The last time I did this lesson, the kids took nearly two full periods and were still rushed, and their answers varied from about 100,000 L to almost 1,000,000 L. It speaks to the incredible-ness of this year's sixth graders that most groups had an answer before the end of the class period, and that nearly all their answers were between 200,000 and 300,000 L, despite much leeway in their methods for estimating the height of the classroom. One or two groups were off by a power of ten, but they quickly realized their mistake when I went through their math with them.

And after school, another teacher said that the seventh graders must be liking whatever it is we're doing in Science (the seventh graders? Really?). Apparently, during PE class, one of the girls claimed/joked that her shot did not go into the hoop due to the Coriolis effect. Awesome. Anything to create really geeky kids who will over-apply science concepts to explain away their lack of athletic prowess!

Teaching is fantastic. I could not be more in love with my job.

And I hate my job, and had an awful day, and am seriously considering leaving. My interactions with a few of my colleagues are really tumultuous right now - and I'm not generally a tumultuous person - and it's not always their fault. Today it was mine. I don't want to go into it any deeper; it just upsets me because I am not always the person I want to be, and occasionally far from it.

It's weird how things can be so good and so bad at the same time, how I can feel like I've contributed to creating the most amazing school, and how I can feel like I want to escape so badly, how I can yearn for leadership and recognition and to make a bigger difference on the one hand, and long to be allowed to just teach on the other.

Do you ever stop growing up and feel like you've figured things out? (And would that even be a good thing?)

12 Comments:

Blogger "Ms. Cornelius" said...

Listen, take a deep breath. DEEEEEEEEEEEEEEper.

We all have days like that.

There were times when I considered 90% of the guys I teach with to be complete and total moronic juvenile delinquents. Then, when my dad was dying, they contributed lesson plans and checked the room and sent flowers and offered to grade my tests and sent me home when I was feeling scared.

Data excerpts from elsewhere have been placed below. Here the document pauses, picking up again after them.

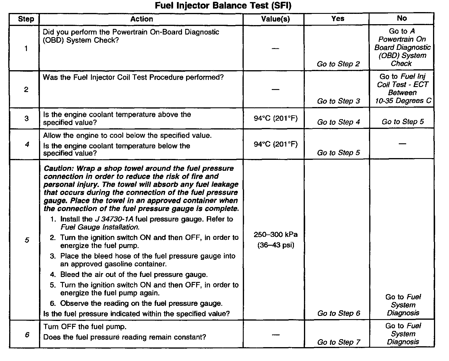 5. This step checks that the fuel pressure is within the specified range. If the fuel pressure is not within the specified range, refer to Fuel System Diagnosis. Component Tests and General Diagnostics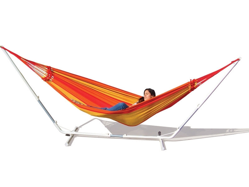 The Adjustable Hammock Stand Frame from Hammock Co is the perfect freestanding set up for your Hammock in the backyard or to take camping. This hammock stand is designed to suit all kinds of hammocks. It has a 150kg weight-rating and is safe for 2 people The stand features a sturdy sturdy leg design and steel construction. This hammock stand is easy to assemble, use and maintain. Ideal for indoors, decks, backyards and camping. Weight 16.5kg. Dimensions: 350cm L x 100cm W x 130cm H. Comes with a 1 year warranty. (Hammock not included stand only).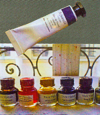 Les couleurs testées tiennent bien la route, je ne ferai qu’un reproche : l’absence d’une gamme complète. Le bleu de pastel véritable est vraiment magnifique. La couleur laque de noyer se rapproche d’une couleur terre d’ombre brûlée. Le noir de campêche est également original. Je mettrais un bémol sur le jaune de mûrier, trop clair à mon goût, car je préfère peindre avec des jaunes intenses. Le rouge de cochenille éclatant est aussi une belle surprise.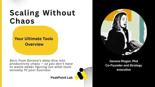 Stop wasting hours testing tools that don’t fit your business. Find the right systems for your team in minutes — and get back to growing your company. ____________________________________ You’ve downloaded every “Top 10 Tools” list out there. You’ve tried Slack, WhatsApp, Google Keep, and three different e-sign platforms — yet your team still misses messages, notes vanish into the void, and contracts get stuck in email chains. You’re not disorganized — your tools are. They don’t match how your business actually runs. If you’re leading a small but growing team, you don’t have time to “trial and error” your way through tech clutter. You need tools that actually work together, and a simple way to pick them — once and for all. ____________________________________ Your Ultimate Tools Overview gives you the clarity you’ve been missing. It’s a practical, no-fluff guide built for entrepreneurs who want to: - End the guessing game between free vs. paid options. - Choose the right mix of tools that match their current stage. - Save time, money, and mental energy — while setting up systems that scale. This isn’t another software list. It’s the filtered, field-tested version — built from what actually works inside small, fast-growing teams. ____________________________________ What’s Inside / What You Get? Inside this guide, you’ll find: - Note-Taking & Transcription Tools → What free plans actually cover, when to upgrade, and which tool grows with you. - Messaging Tools for Teams → WhatsApp Business vs. Slack — which one wins on clarity, collaboration, and control. - Document-Signing Tools → When the free tier is enough and when it’s worth paying. ____________________________________ PeakPoint Lab Tips → Our best real-world recommendations for keeping your systems lean, synced, and stress-free. Format: instant digital download (PDF/Canva format) Reading time: 15 minutes. Impact: hours of saved research and frustration. ____________________________________ If you already have real testimonials, include short, credible ones like: “This guide saved me days of testing — I finally stopped overpaying for tools that didn’t fit my business.” — Laura M., Founder of a 6-person coaching team “I used the messaging breakdown to decide between WhatsApp and Slack — total clarity in 10 minutes.” — Jonas T., Creative Agency Owner ____________________________________ Pricing + Guarantee One-time payment: $29.99 Instant access, no subscription, no upsells. ____________________________________ Stop guessing. Start scaling. 👉 Get Your Ultimate Tools Overview Now Clarity in 15 minutes. Lifetime value for your business.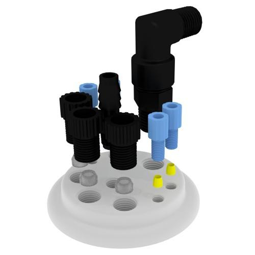 - Tube fittings secure waste tubes to carboy providing the closed system necessary to prevent spills (plugs included for unused ports)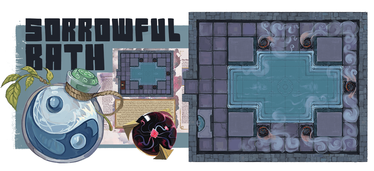 A cold gloomy miasma fills this chamber instead of hot steam. A lady in mourning does not appreciate visitors during her lamentful bath – and you better pray that this lady does not cry or scream, because that will be the last thing you will ever hear.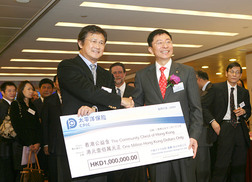高國富代表公司向香港聯(lián)交所贈送上市紀(jì)念品——代表誠信的“中國用戶滿意鼎”珍藏版,“中國用戶滿意鼎”由中國質(zhì)量協(xié)會于2005年授予中國太平洋保險。隨后,高國富代表公司向香港公益金捐贈100萬元港幣,用于慈善事業(yè)。香港公益金為香港非牟利及非政府資助之慈善機(jī)構(gòu),負(fù)責(zé)為所資助的社會福利機(jī)構(gòu)籌募捐款,以鼓勵社群積極參與及捐贈,共同建立一個充滿愛心的社會。

But your colleagues may not be like that, I know. But you have to keep doing your job. You've got a gift.

Peace.

10:34 PM  
Blogger Nancy said...

Boy, we really need a vacation. But seriously, I was speaking with another teacher today about how our kids need teachers who can really hold the line and be tough...they just need that sort of structure. The problem is, I'm not good at that and it's one of my shortcomings as a teacher. There are ways that I could go: I could either try to become that kind of teacher or I can move to another school where the culture would be a better fit for my personality. Being a "tough" teacher is tiring and frustrating and I wonder if it's worth it...I really like my school. I'm comfortable there but the culture of the school and the types of kids we serve just sucks all the energy out of me. I've been getting lots of emails lately about job openings at smaller, more progressive schools and it's very very very tempting...

7:39 AM  
Blogger Al said...

But... but... but if she knew about the Coriolis effect, why didn't she adjust the spin on her shot to compensate???

9:18 AM  
Anonymous Anonymous said...

Well, sometimes you do come across as pompous and self-serving. Is it possible you make your fellow teachers feel you, and only you, are the best thing that ever happened to this school?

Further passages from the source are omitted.